By John Kemp
LONDON, Feb 22 (Reuters) - U.S. gas prices have slumped
close to their lowest level on record, after adjusting for
inflation, as traders respond to signs of a persistent
production surplus in the domestic market.
The front-month futures for gas delivered at Henry Hub in
Louisiana have fallen to just $2 per million British thermal
units down from more than $9 at the end of August 2022.
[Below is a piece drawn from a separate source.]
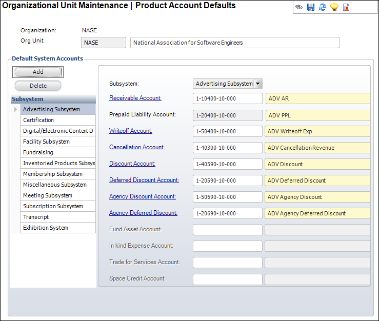 To facilitate the definition of new products, you can predefine default accounts for use with products in each subsystem. The accounts set here automatically populate when a product is set up. Though product accounts can be changed during product definition, they should be defined at the organization unit-level because it saves time later when the same accounts are used for common purposes.
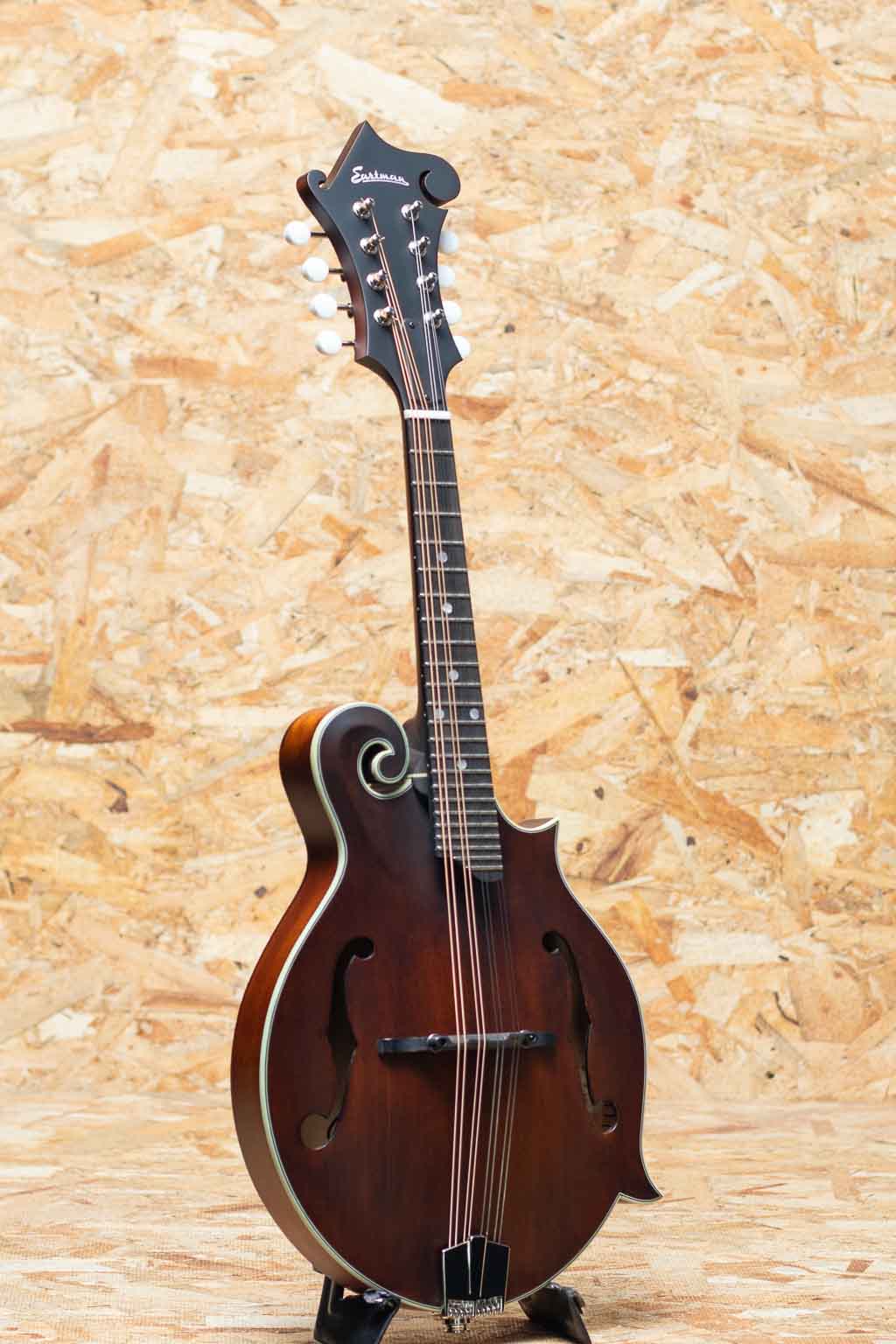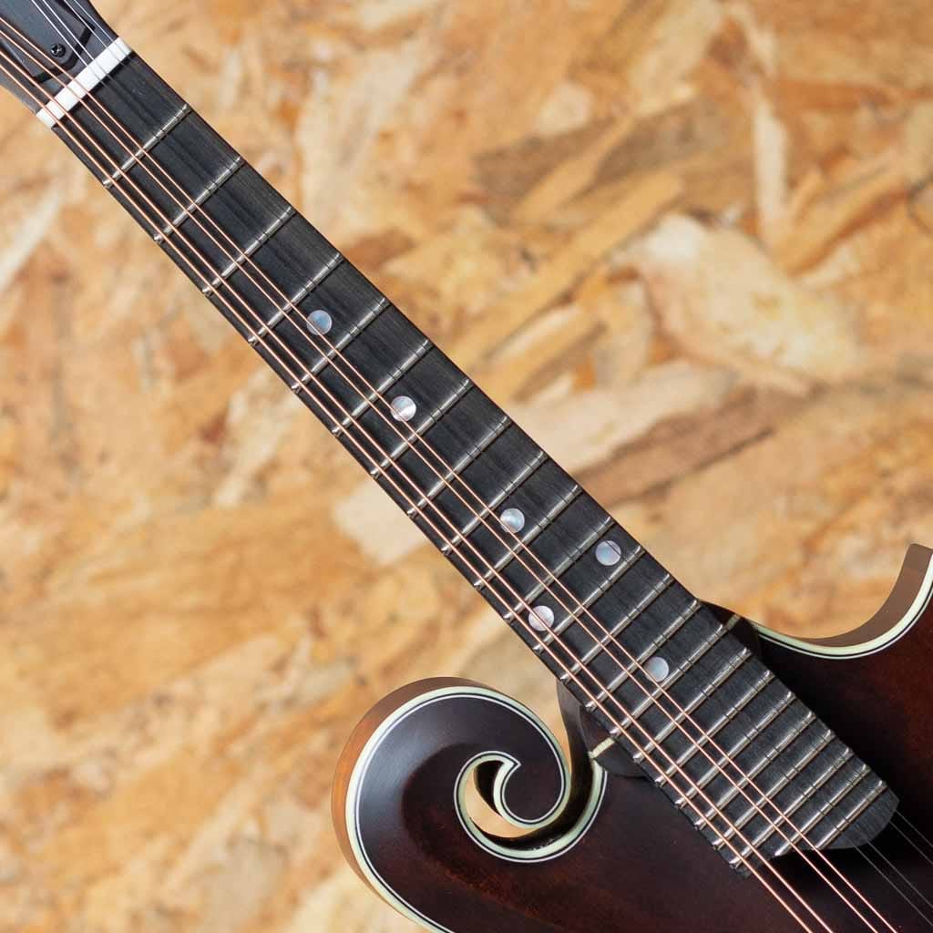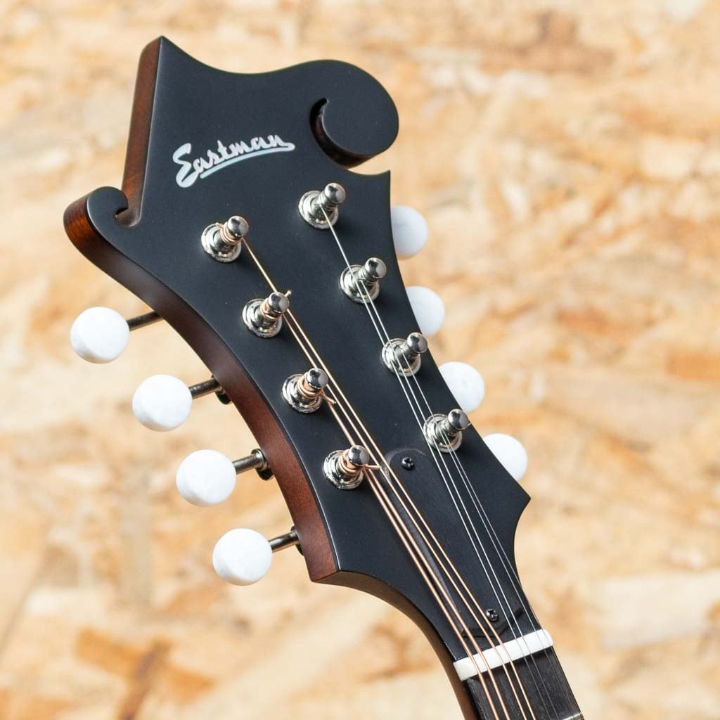 オール単板削り出しという音に拘るスペックをもちながらもリーズナブルな価格で人気のEastman Mandolin。見た目の装飾をシンプルに仕上げ、艶消しマットフィニッシュに仕上る事でコストダウンをはかり、音の要と言える単板スプルーストップ&メイプルバックのアーチを単板削り出し、サイドもメイプル単板のオール単板にて製作したコストパーフォーマンスに優れたモデルです。こちらは現在海外でも評価が高くマンドリンに取付の人気のP.U”K&K Duotone”を搭載しており、アコースティックなサウンドをライブで使用できるエレクトリックマンドリンになっています。メイプルネック、エボニー指板&ブリッジ、オリジナルアルミテールピースです。Style-Fのfホールフラットマンドリン。パンチのある力強い出音にキレの良さがあるまさにブルーグラス向けのモデルです。価格以上のスペック&鳴りをもち、初心者の方のファーストマンドリンはもちろん、エレクトリックなバンドでのライブ使用でのマンドリンとしてもおすすめです。オリジナルギグバッグ付属

In real terms, prices are the lowest on record, except for
the period between February and June 2020, when the first wave
of the pandemic hit a market already carrying very high
inventories.
The front-month contract is now entering the final trading
days before expiry so is no longer representative, but the more
liquid second-month contract has slumped to just $2.20.
Prices have remained under pressure despite forecasts of
another wave of cold weather across the western United States in
the next few days and the imminent restart of exports from
Freeport LNG.
Chartbook: U.S. gas prices and inventories
The U.S. gas market appears to have been running a
persistent surplus since early September 2022, which has sent
futures prices tumbling.
Working inventories in underground storage were +77 billion
cubic feet (+4% or +0.22 standard deviations) above the prior
ten-year seasonal average on February 10.
The storage surplus marked a significant turn around from a
deficit of -427 billion cubic feet (-13% or -1.52 standard
deviations) on September 9.
The shift to a surplus was only briefly interrupted by
periods of exceptionally cold weather in late December 2022 and
again at the end of January and in early February 2023.
Inventories depleted by -505 billion cubic feet between
September 9 and February 10, the smallest seasonal drawdown for
eleven years since the winter of 2011/12.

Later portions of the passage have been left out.